All examples and conditional language recited herein are intended for pedagogical purposes to aid the reader in understanding the principles of the invention and the concepts contributed by the inventor to furthering the art, and are to be construed as being without limitation to such specifically recited examples and conditions. Moreover, all statements herein reciting principles, aspects, and embodiments of the invention, as well as specific examples thereof, are intended to encompass both structural and functional equivalents thereof. Additionally, it is intended that such equivalents include both currently known equivalents as well as equivalents developed in the future, i.e., any elements developed that perform the same function, regardless of structure.

Claims

1. An active antenna array of a millimeter-wave radio frequency (RF) module, comprising:

a multilayer substrate having at least a front layer, a back layer, and a plurality of middle layers;

a first antenna sub-array implemented in the front layer;

a second antenna sub-array implemented in the back layer; and

a plurality of middle antenna sub-arrays implemented in the plurality of the middle layers, wherein each of the first antenna sub-array, the second antenna sub-array, and the plurality of middle antenna sub-arrays is configured to radiate millimeter-wave signals at a different direction.

2. The active antenna array of claim 1, wherein each of the first antenna sub-array, the second antenna sub-array, and the plurality of middle antenna sub-arrays is configured to receive and transmit millimeter-wave radio signals.

3. The active antenna array of claim 1, wherein each of the first antenna sub-array, the second antenna sub-array, and the plurality of middle antenna sub-arrays is independently controlled.

4. The active antenna array of claim 1, wherein the plurality of middle antenna sub-arrays includes four antenna sub-arrays, each implemented in a different layer of the plurality of layers.

5. The active antenna array of claim 4, wherein two of the four antenna sub-arrays are implemented in a center of their respective middle layers, and the other two antenna sub-arrays are implemented in an edge of their respective middle layers.

6. The active antenna array of claim 5, wherein each of the two antenna sub-arrays implemented in the edge of a middle layer includes end-fire antenna elements.

7. The active antenna array of claim 1, wherein the multilayer substrate includes at least one ground layer, wherein the first antenna, the second antenna, and the plurality of middle antenna sub-arrays share the ground layer.

8. The active antenna array of claim 1, wherein each of the first antenna, the second antenna, and the plurality of middle antenna sub-arrays includes a number of radiating elements, wherein the number of radiating elements is greater than eight.

9. The active antenna array of claim 8, wherein a distance between each radiating element in the same antenna sub-array is between a half wavelength and a full wavelength of a millimeter-wave signal.

10. The active antenna array of claim 8, wherein the radiating elements of each of the antenna sub-arrays are at least printed on the substrate of their respective layer.

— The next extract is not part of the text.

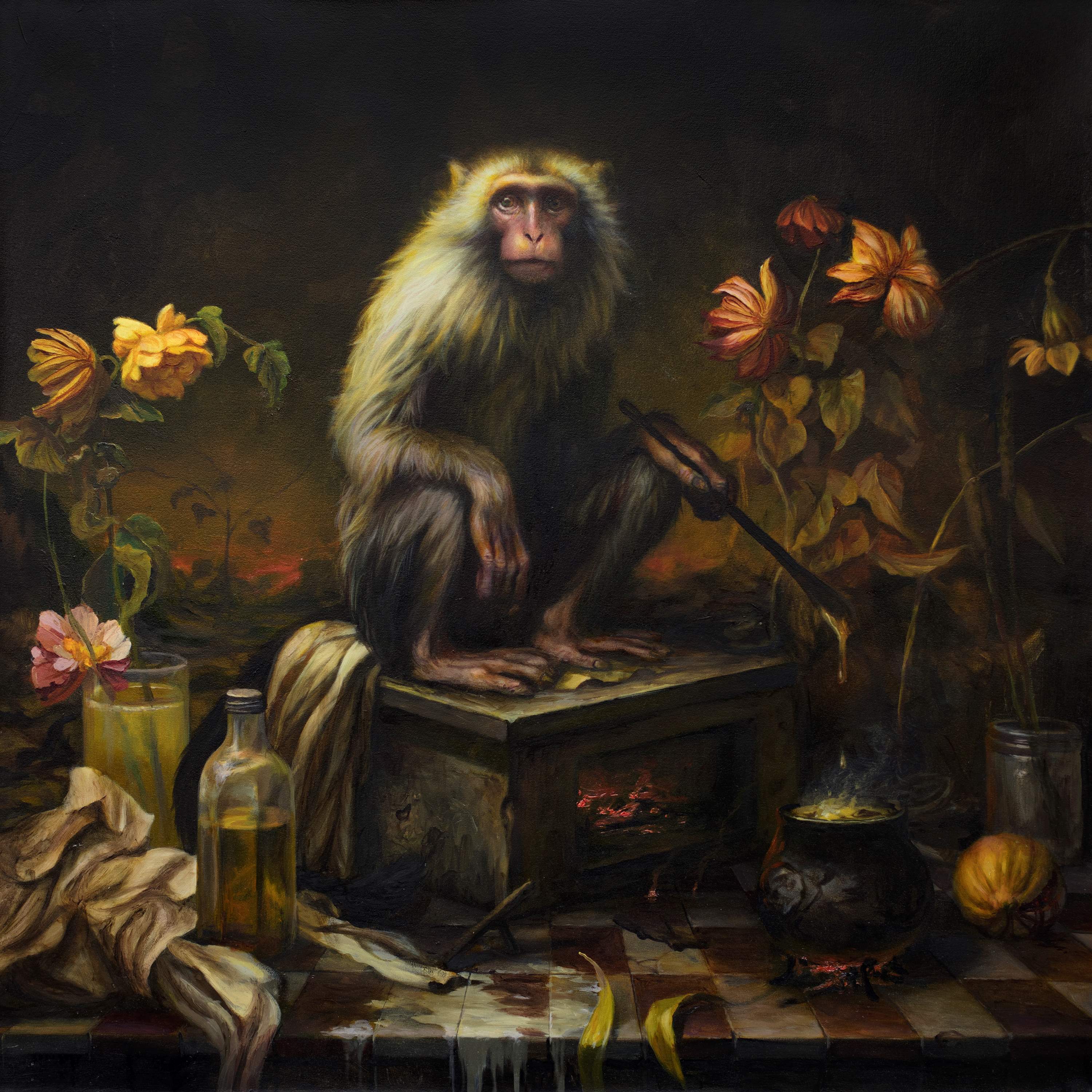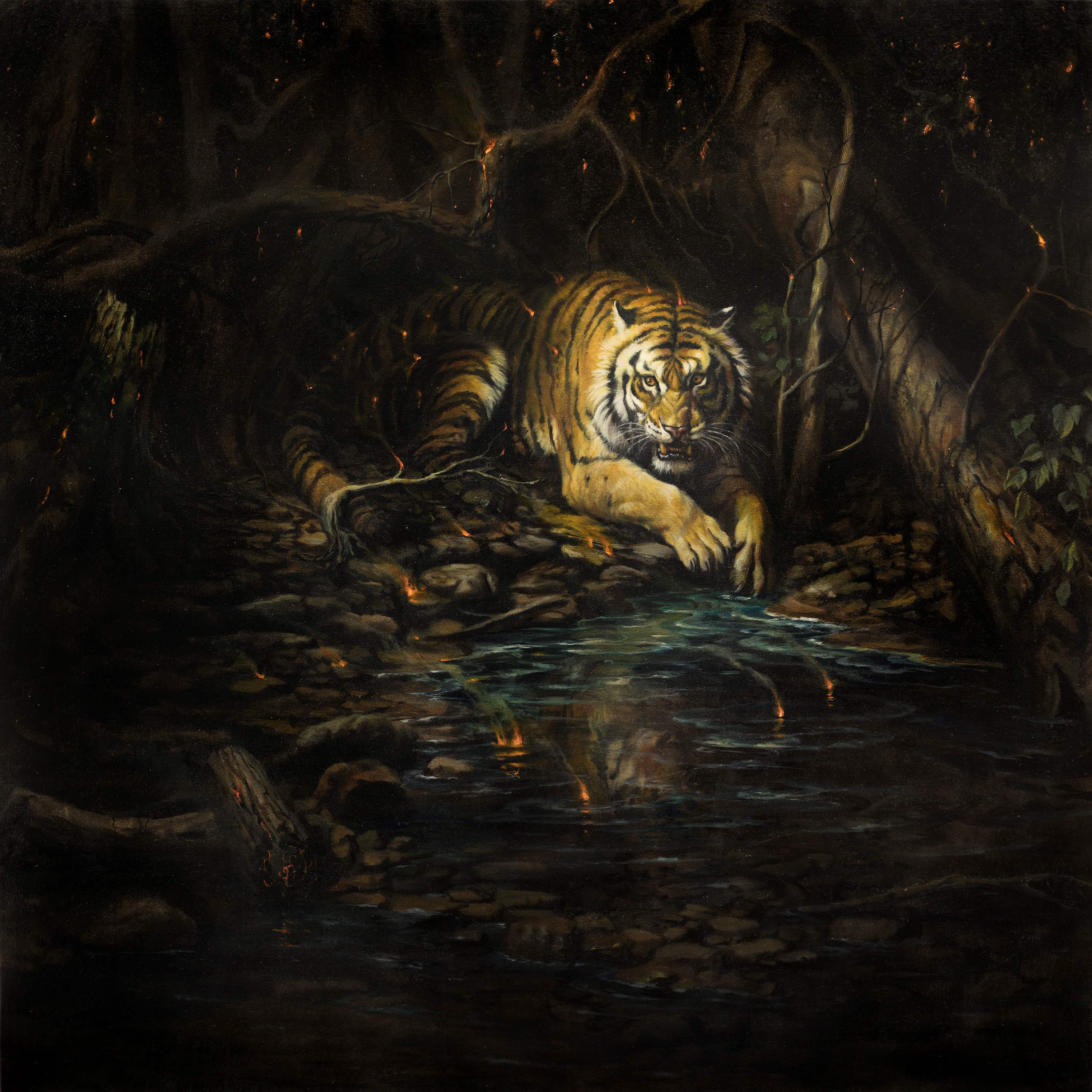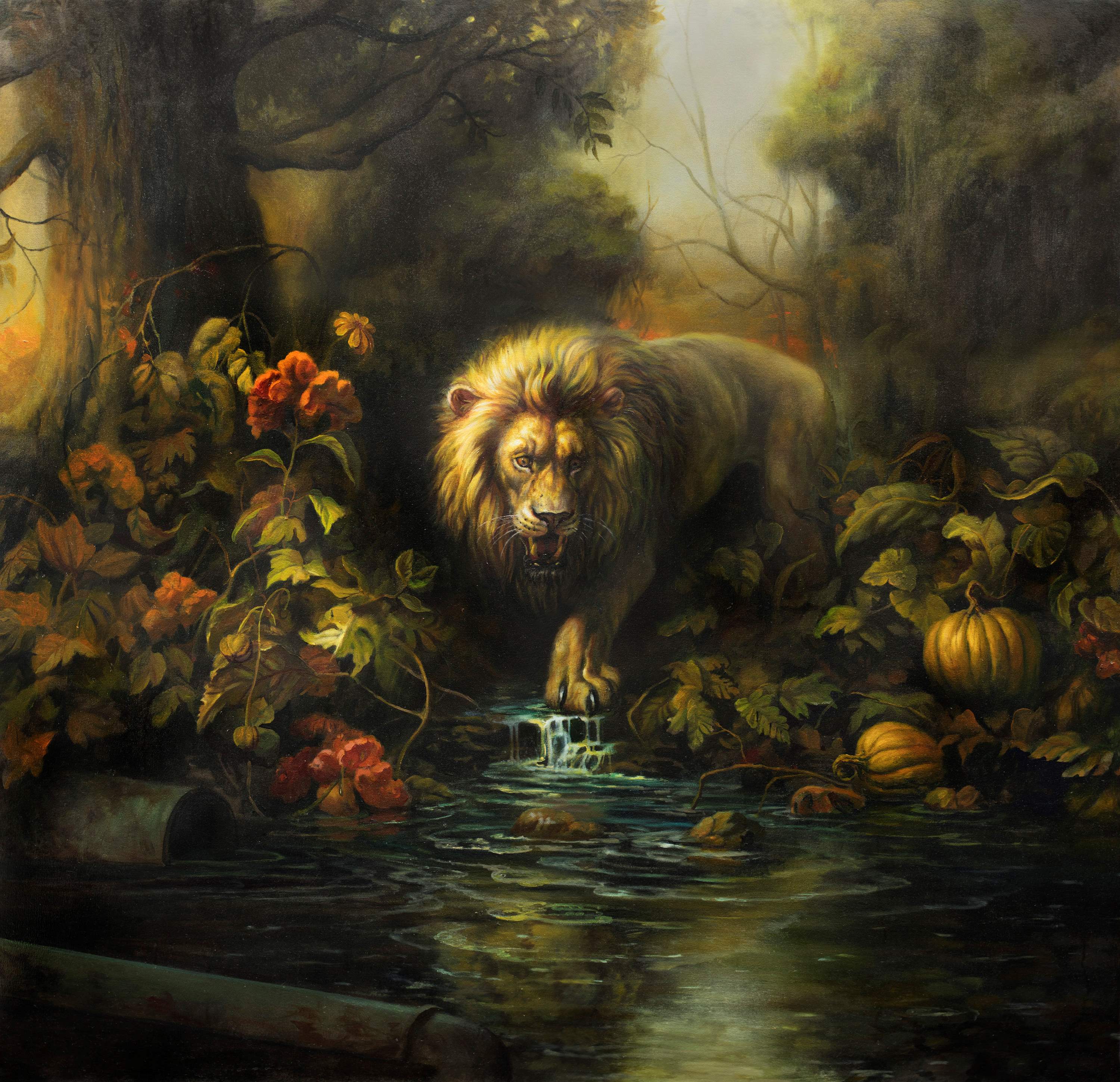 An example of Wittfooth’s use of allegory and symbolism to create visual stories can be seen in the painting Reflecting Pool, where a wild lion searches for its reflection in a dark pool of water, while subtle pipes hint at the lion’s survival in a polluted world. The sky is foggy and red-glowing. In another work, Shelter, Wittfooth shows us a nature-based mysticism, with a tiger seeking shelter under a tree near a pond. There’s an electric tension in the air, and we are left wondering whether what we see are embers about to ignite or a symbolic comment on the tiger's inner nature. In The Alchemist, a monkey takes on the artist’s role in society, reflecting Wittfooth’s own approach to casting a wide lens on our collective condition through his art. Since 2014, Wittfooth has been working to portray animals as shamanic figures, totems, or sacred icons, and we see a continued deepening of this theme in his new series of works.

11. The active antenna array of claim 8, wherein each of the antenna sub-arrays is a phased array antenna.

12. The active antenna array of claim 11, wherein the millimeter-wave RF module further includes RF circuitry.

13. The method of claim 12, wherein the RF circuitry is configured to independently control the first antenna sub-array, the second antenna sub-array, and each of the plurality of middle antenna sub-arrays.

14. The method of claim 13, wherein the RF circuitry is further configured to control the phase per antenna in order to establish a beam-forming operation for the phased-array antenna.

15. The active antenna array of claim 12, wherein the millimeter-wave RF module further includes discrete electronic components providing a chip-board transition structure.

16. The active antenna array of claim 15, wherein the RF circuitry and the discrete electronic components are mounted on the front layer of the multi-layer substrate.